Ben baya hevesle başladım okula. Son günlere doğru dolabı açıp önlüğümü falan öpüyodum. Ahahasafa te allaam.
Neyse,
Annemle gittik okula kadar. Sonra saldı annem beni, sınıfımı söylediler.
Ağlayan zırlayanları ibretle izleyip bütün kuulluğumla en arkaya geçip oturdum, öğretmenimi bekledim kendi halimde. Herkesin anası danası yanındaydı, alla alla dedim biz mi yanlış yaptık? Ben çıkayım annem mi gelse diye düşünürken öğretmenim geldi.
Bizle tanıştı. Çikolata dağıttı hepimize. Sonra onların folyolarını top yaptırıp basket attırdı çöp sepetine.
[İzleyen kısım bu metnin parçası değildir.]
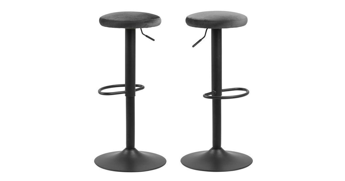 Baarijakkara FINCH, S40xH82cm, istuin: samettikangas tummanharmaa, jalkatuki: jauhemaalattu karkea, mattamusta. istuin: VIC-kangas tummanharmaa 28, kaasunostin, jalkatuki, istuinkorkeus: H62-82cm.

Biraz konuşup postaladı bizi.
Çocukluktan kalan güzel anılardan biridir benim için.
ilk gün sınıfta 2 tane arkadaşım olmuştu.
Şimdi şöyle anlatayım:
X, benim adım hasan seninki ne?
Sonra diğeri de söyledi adını, bende söyledim 3 kişi el sıkışıp 'biz arkadaş olduk' demiştik.
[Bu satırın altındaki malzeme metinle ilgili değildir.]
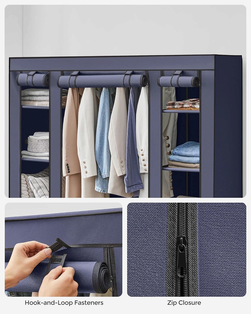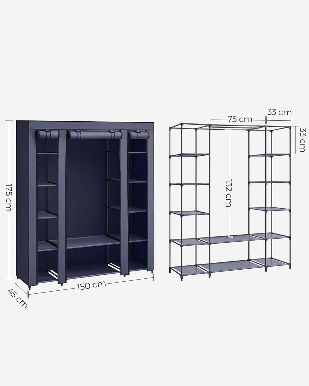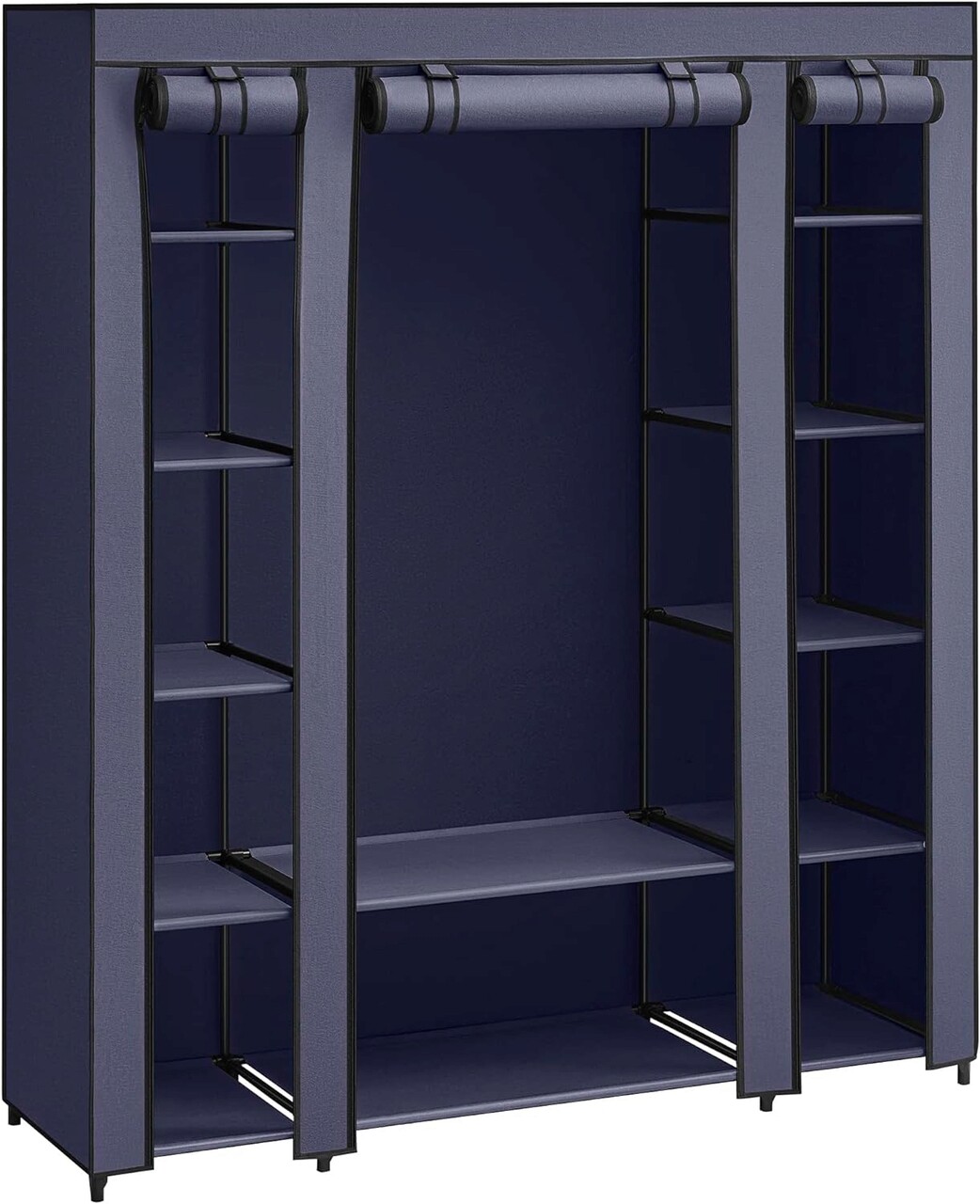 Dulap textil pentru haine Songmics, 150x45x175 cm, 12 compartimente, material netesut/otel, albastru

Gülünç bi durum şimdi düşününce antlaşma yapar gibi el sıkışıp arkadaş olmuştuk.
anne baba'ya sınıfın camından bakarken sanki bir daha hiç eve gidemeyecek gibi hissetmenin anıydı yaşadığım. o küçük yaşta okulda yatılı kalacak gibi bir his oluşmuştu. ve herkeste şaşkın şaşkın birbirine bakışlar. ama ikinci gün herkes birbiriyle kaynaşmıştı.
o kadar hiperaktif ve sosyal bir çocuktum ki annemin sınıfta ilk dakikalardan sıkılıp eve kovalamıştım. veletler ağlıyordu annee aneeeee diye ben kovaladım kadıncağızı.
ilk günü hatırlamam ama 3 4 gün sonra aşı için gelen vicdansızları hatırlarım, tek tek sıraya dizip 45 kişinin koluna iğne sokup yolluyorlardı okuldan o gün nefret etmiştim.
Bas bas bağırıp çığlık atıyordum. Babaannem vardı götünden ayrılmıyordum. En son sakinleştirdiler ailem eve gitti derste tuvalete gidicem diyip kaçmıştım Eve aq. Ve bu 1 ay böyle devam ettim ben kaçtım onlar geri götürdü.
3 sira arkada, sinifa girmeden once baharatli cips yiyen cocugun tum siddetiyle uzerime kusmasi ve benim disimda hickimsenin hicbiryerine bir sey gelmemesi. butun gun kusmuk kokmam, aglamam, ve tanimadigim bir annenin beni teselli ederek uzerimi temizlemesi.